I did see the private consultant yesterday. He was incredibly reassuring and confident that he could operate successfully. He said a full hysterectomy (although that’s my choice) with bowel resection would be optimal approach. I’m keen to try and keep my right ovary if I can go help me ease into menopause (I also have rheumatoid arthritis). He said this Is possible if the ovary is healthy and I understand the risks of keeping an ovary in. Ge told me that my hospital shouldn’t have even said they could do the bowel operation as they aren’t a registered endo centre. In terms of pain relief he said the only way I had left to go was morphine…. He also said he was INCREDIBLY surprised I had got this far woth minimal pain given how aggressive my endo actually is. I told him I get that the scabs show it was bad in may however I was functioning with way more good days than bad until I had the Mirena coil fitted. He said o would’ve ended up at this place eventually…. Anyway like I said very reassuring doctor. All pointless of course if we can’t afford the surgery. He said he will write to me costs etc…. So that’s another thing to worry about.

Hope you are feeling ok Hannah, o really appreciate you taking the time to reply to me and allowing me to ‘talk / vent’ to you, strangely it helps me.. especially when alone in my pain xxx

Endrocoops profile image
Endrocoops

reading these posts make me realise why it takes so many people years before they are diagnosed (everyone is so different!)

I assumed my pain was normal “growing, food, digestion” and everything in between that were regularly told is normal.

The biggest oddity for me is that I’ve always had fine periods 3 days long no pain(unless I’m in birth controll then they are awful).

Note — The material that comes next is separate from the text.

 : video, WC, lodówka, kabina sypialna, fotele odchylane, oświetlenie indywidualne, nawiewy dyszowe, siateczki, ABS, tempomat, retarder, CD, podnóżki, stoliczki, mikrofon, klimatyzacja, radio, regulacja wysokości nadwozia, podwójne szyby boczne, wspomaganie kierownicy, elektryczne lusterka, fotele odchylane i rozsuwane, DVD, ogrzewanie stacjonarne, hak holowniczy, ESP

My endro pain was always 4-5 days after my period and on a few odd random days in the month (very easy to put down to bad digestion) so at 29 I was officially diagnosed with endro stage 4 after moving to America where my doctor here took my symptoms seriosuly even though I only went in for a cyst(. In the UK I was also told all women get cysts they go down naturally.)

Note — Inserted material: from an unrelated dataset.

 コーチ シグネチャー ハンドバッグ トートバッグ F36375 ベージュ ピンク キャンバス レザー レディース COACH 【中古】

diagnosed and operated on in less than six months. I scratch my head now as to why I was ok living with good and bad days and when it started and If I really think about it it’s probably been with me for years but we don’t clock it till it’s a serious day breaker (like when we get large blood filled cysts)

Hannah550 profile image
Hannah550 in reply to Endrocoops

Thank you for replying

You’re right everyone is so different with a theme of similar symptoms but nothing exactly identical

My flare ups were normally 8/9 days after my period but this time day 3 after and this period was less painful so I feel I’m really paying for that now, still at severe pain and off work and it’s now day 9 after

I was told the same thing about cysts here in the UK they don’t take them seriously. I had one when they scanned in Oct 2021 (told not to worry but they would refer me) and then when consultant wanted another scan in April it was still there but by the time of the operation in June it had burst and they confirmed it was an endo cyst and they had to clear up the mess inside

It sounds like the US are more switched on or just more aware of women’s issues. I hope they are taking good care of you now

We all seem to put up with the good and bad days and a lot of being fobbed off by health care professionals who don’t get it or want to get it

The surgeon/consultant who did my operation was shocked when I explained about my IBS/bowel movements and that I won’t consider ever moving in with someone so that part of my life doesn’t exist. She said that wasn’t right and my bowels not normal and on my discharge notes sent to the GP she put for it to be looked at it ASAP, had the GP appointment and she did absolutely nothing as all her colleagues before her!

Endrocoops profile image
Endrocoops

Hannah that sounds awful!!! I’m so sorry to hear this is the case for you :( I’ve told my doctor here that I would like one child and then a complete hysterectomy eggs included and she’s absolutly fine with helping me achieve that. She’s happy for me to try naturally or refer me for IVF. I would be to terrified of living day to day questioning weather or not my cysts were going to burst inside of me. After reading all these stories I’ll be sure to get this done before I come home!